I do understand your impatience. You need to read Dumas post over and over. You may think you're OK to ride but if you mess it up tear something loose your screwed. I have lots of aches and pains from stuff I didn't take care of at your age. I know that doesn't help you now but you gotta take it easy!
Bite your lip and take the docs advice. 
Is there someone you trust to keep your horse ridden? If not since she is only 3 your going to have to do some retraining whenever you start back in. Might just as well make it later than sooner and let your knee heal. Does that make sense?


----------



## Harlee rides horses (Jan 13, 2008)

Yeah, I understand. And there isn't really anyone that I trust able to ride Lizzy so it's kind of a sticky situation. What I do is I just lunge her and have her do everything that I would do on her, but I'm off of her.. I just think the doctors reasoning for me to not ride is stupid.


----------



## FGRanch (Feb 9, 2008)

That's terrible Harlee. Hopefully you heal up well and can ride again soon. Would your friend Delete be able to ride her for ya?


----------



## my2geldings (Feb 18, 2008)

Harlee rides horses said:


> I'm so incredibly mad.
> I hate my whole stupid freaking situation.
> 
> I tore my A.C.L on September 8th, playing soccer. I was out of riding for about 5 days...Mind you my horse is three years old and still in training...Well I rode consistently after that. October 9th, I got surgery on my knee to reconstruct my A.C.L. I haven't ridden since then, I've only been lunging her , a lot, with her head tied down, to reinforce her head set, and keep her slow, but that's besides the point...I went to the doctor today to get a new brace...and I asked if I was allowed to ride, and he said "Well I wouldn't recommend it because getting on you could slip or rotate it and then we would have to do the surgery all over again." So I blew up. And then my grams is like "We'll just wait three more weeks and see where we are then," since that's when my next appointment is...Sorry for ranting by the way, I'm bawling my eyes out and need to let it loose before I make myself more mad and start yelling at people...So I tell my doctor that I can climb on a mounting block to get on and that people would be there to help me get on, because we're all really careful with my knee, and he was like well it's your knee...And my grams being the bad word that she is was like "Well no, you can't so just wait." Me being the hard-*** that I am says "You're not the doctor...it's not up to you." She replies with the "Well the doctor said no." Then I smartly replied "No, he said he wouldn't recommend it. I'm not waiting three weeks to ride."
> ...


Chill! Goodness, I had my hip reconstructed last year from an old injury and was told I would not be able to get on a horse for full year, 12 months! then I had the other side done in june and it's the same thing! Not only that but I just had my wrist done and was told no riding or even using that arm for 6 months! AND I still have to get that wrist finished up again in 5 months and the hip again so that means another year from then of no riding!

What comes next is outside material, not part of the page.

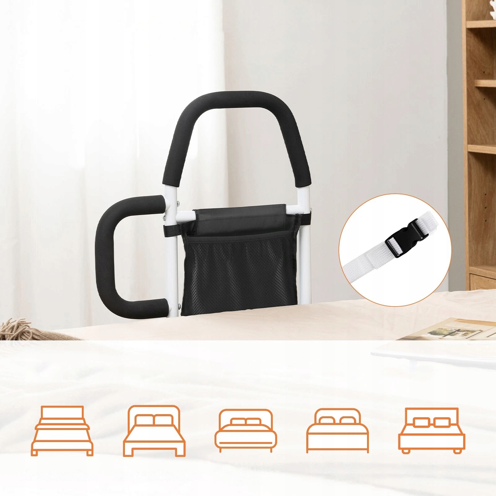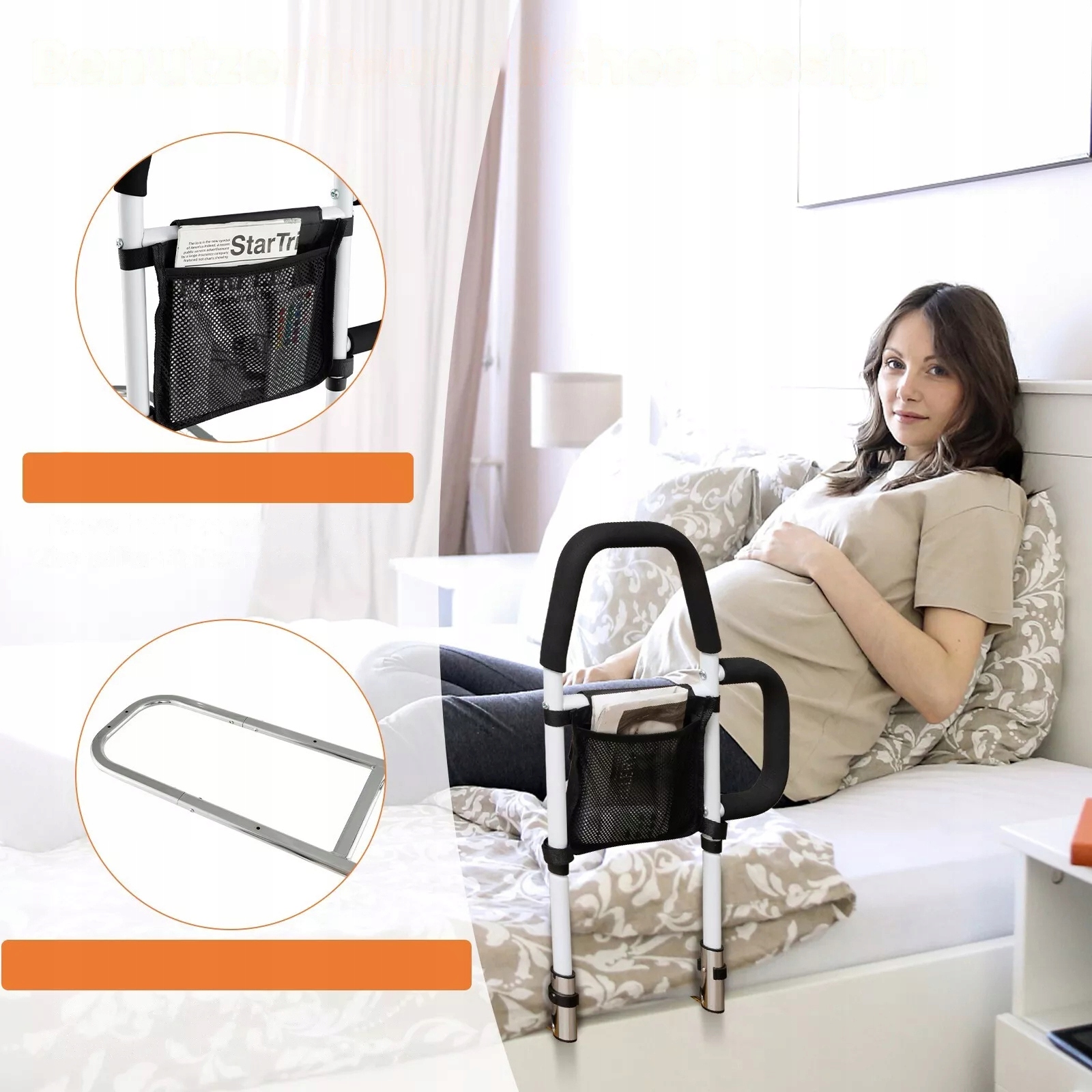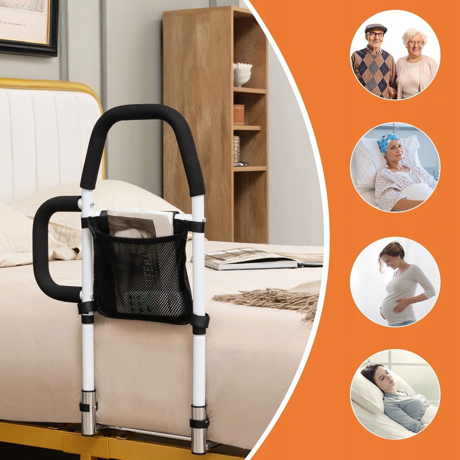 🛡【Удобный дизайн】 Съемный карман позволяет держать под рукой все необходимое, например, очки, мониторы и материалы для чтения. Боковую ручку можно прикрепить к обеим сторонам поручня кровати, что делает поручень кровати пригодным для использования с обеих сторон кровати.

3 weeks? pfff it's nothing babe! use that time to chill and take time off horses


----------



## RusticWildFire (Jul 6, 2008)

You could also take the time to learn different things about training. Do a lot of reading, find some good videos if you can. Continue the ground work and such that you are doing but use it as time to learn. 

Why was the doctors reasoning stupid? Did you ask him the real medical reason?? Because as I said, my doctor said no riding for 6 months because the new tendon has to die and "re-grow" so to say.


----------



## Harlee rides horses (Jan 13, 2008)

His reasoning was stupid because he said he's not worried about me riding or even falling off for that matter...its just getting on.

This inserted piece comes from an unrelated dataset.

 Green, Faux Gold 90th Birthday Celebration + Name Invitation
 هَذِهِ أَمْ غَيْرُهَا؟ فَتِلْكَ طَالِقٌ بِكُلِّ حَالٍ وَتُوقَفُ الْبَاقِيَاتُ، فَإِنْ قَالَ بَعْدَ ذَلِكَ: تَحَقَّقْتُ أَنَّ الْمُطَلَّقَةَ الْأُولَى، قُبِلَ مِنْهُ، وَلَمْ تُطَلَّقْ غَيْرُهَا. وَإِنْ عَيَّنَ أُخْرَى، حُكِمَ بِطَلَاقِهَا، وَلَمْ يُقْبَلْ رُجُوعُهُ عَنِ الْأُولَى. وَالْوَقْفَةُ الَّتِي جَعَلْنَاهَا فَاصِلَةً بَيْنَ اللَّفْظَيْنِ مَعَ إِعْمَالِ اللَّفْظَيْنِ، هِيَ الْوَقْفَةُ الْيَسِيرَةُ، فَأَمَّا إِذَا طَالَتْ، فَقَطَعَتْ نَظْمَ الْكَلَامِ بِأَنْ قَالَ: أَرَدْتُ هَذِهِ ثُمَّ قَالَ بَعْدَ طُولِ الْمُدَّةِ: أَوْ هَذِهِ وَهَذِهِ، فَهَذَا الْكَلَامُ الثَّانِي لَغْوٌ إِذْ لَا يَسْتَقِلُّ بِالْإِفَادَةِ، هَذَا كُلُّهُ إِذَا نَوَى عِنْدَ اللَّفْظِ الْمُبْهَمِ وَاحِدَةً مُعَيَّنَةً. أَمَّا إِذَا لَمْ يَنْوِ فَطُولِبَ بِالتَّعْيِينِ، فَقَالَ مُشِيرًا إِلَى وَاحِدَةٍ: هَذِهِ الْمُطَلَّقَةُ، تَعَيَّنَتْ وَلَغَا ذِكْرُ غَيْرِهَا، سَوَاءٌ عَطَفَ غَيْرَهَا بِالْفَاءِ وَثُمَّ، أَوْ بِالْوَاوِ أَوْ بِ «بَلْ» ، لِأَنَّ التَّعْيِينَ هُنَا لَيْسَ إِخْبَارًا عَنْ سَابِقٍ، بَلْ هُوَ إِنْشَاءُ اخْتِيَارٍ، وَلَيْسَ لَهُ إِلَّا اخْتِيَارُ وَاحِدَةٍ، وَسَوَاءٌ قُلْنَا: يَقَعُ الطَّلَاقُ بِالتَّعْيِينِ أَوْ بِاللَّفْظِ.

And Delete can't ride her because she lives too far away...:-|


----------



## RusticWildFire (Jul 6, 2008)

Yeah, thats because getting on you twist your knee and that is dangerous. Also, the horse could take off as you are trying to get on and there goes your ACL again..


----------



## Royal Freckles (Oct 7, 2008)

Look at it like this. You are PO'd now...what if by some freak thing you get on and tear it again.....and have to go through the surgery again.....and have to go through the waiting ALL OVER AGAIN. How far off schedule are you going to be then? And how PO'd will you be then? :-x Maybe waiting three weeks is not so bad compared to the alternative. 

Anyway, anything you do from the saddle, you should be able to do from the ground. Maybe you could fill your time thinking of ways of communicating some of those things to her...then when you can get back on, she will already have some ground covered.


----------



## my2geldings (Feb 18, 2008)

RusticWildFire said:


> Yeah, thats because getting on you twist your knee and that is dangerous. Also, the horse could take off as you are trying to get on and there goes your ACL again..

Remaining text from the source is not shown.